Он ушёл, ведя рогача в поводу, и тётушка Галь долго молчала, обернувшись на звук затихающих шагов.
— Что ж делать? — вздохнула она. — Нельзя нам тут оставаться, и затея его опасная. Боюсь, тот, кто за камень платит, уж позаботится, чтобы Нат не улизнул. Не хочу я, чтоб вы шли в условленное место.
— Он не слушает.
— А я вот думаю, милый, может, связать его и силой потащить? А там, в Запретном лесу, уж яснее станет, как быть.
Шогол-Ву промолчал.
— До лодки только добраться, а дальше речным путём. Если повезёт, за ночь далеко уйдём. Втроём навалимся, не отобьётся. А?
— Нужно подумать.
— А что думать? Он вернётся сейчас, при нём уже не поговорим. Решай теперь, позже некогда будет. Дождёмся темноты, чтобы долго его связанным не держать, а сразу в дорогу. Ну, что скажешь, милый? Есть решение лучше?
— Хорошо, я согласен.
— Вот и ладно. Я отойду, чтобы Нат, как вернётся, мыслей моих не услышал. Может, задремлет он, так вы уж дайте мне знак, подсоблю.

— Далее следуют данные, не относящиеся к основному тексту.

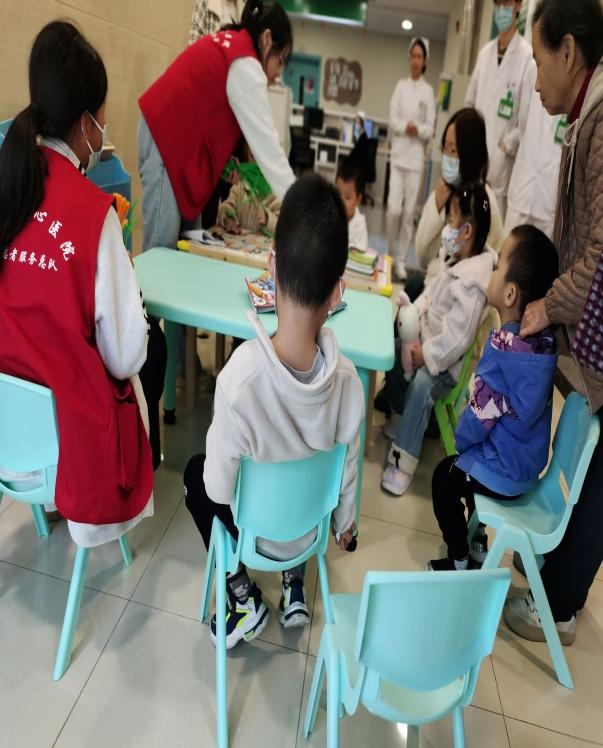 志愿者们早早抵达医院,经过岗前培训后,她们迅速投入各自岗位。部分志愿者在医院导诊台坚守岗位,为前来就医的患者及家属提供引导服务,协助患者进行挂号、缴费,她们耐心解答患者的疑问,用热情周到的服务为患者就医提供便利。与此同时,在儿童病房的志愿者们策划了一场以“小手扭扭乐园”为主题的趣味活动,她们用色彩鲜艳的扭扭棒和生动有趣的绘本故事,充分调动小朋友的想象力和创造性,有效缓解了他们的就医紧张情绪。

И тётушка Галь заковыляла прочь, осторожно ступая, выставив руку перед собой. Шогол-Ву поднялся и помог ей добраться до поваленного ствола, обойти корни, не споткнуться на бугристой земле.
Он вернулся и лёг, глядя на дочь леса, а она смотрела на него. Её разбудили голоса, и она, должно быть, всё слышала.
— Что скажешь? — спросил Шогол-Ву, когда молчание стало таким тяжёлым, что мешало дышать.
— Не лучший выбор, — ответила дочь леса. — Он нас не простит. Но камень нужно вернуть, и иного пути я не вижу.
Шогол-Ву кивнул.
Что ещё сказать, он не знал.
И тут со стороны озёрного берега донёсся звериный вой.
Глава 19. Непогода
Нептица зашипела, защёлкала клювом, растопырив крылья. Подняла голову, прислушиваясь к низкому вою.
Рогачи переступили ногами. Пятнистый насторожил уши, но продолжил щипать мох, а белый захрапел, вскинув морду.
— Что это? — спросила дочь леса, привстав. — Что за звери?
Шогол-Ву огляделся в поисках лука. Вой повторился, и он прислушался, хмурясь, в надежде, что ошибся.
Он хорошо знал голос этих тварей. Дома, на Косматом хребте, такие появились однажды. Приземистые и крепкие, они скользили во тьме, как тени — никогда в одиночку, всегда по трое-шестеро. Для Таави-Ит, хорошей охотницы, эта охота стала последней, а Зебан-Ар получил свои самые страшные шрамы.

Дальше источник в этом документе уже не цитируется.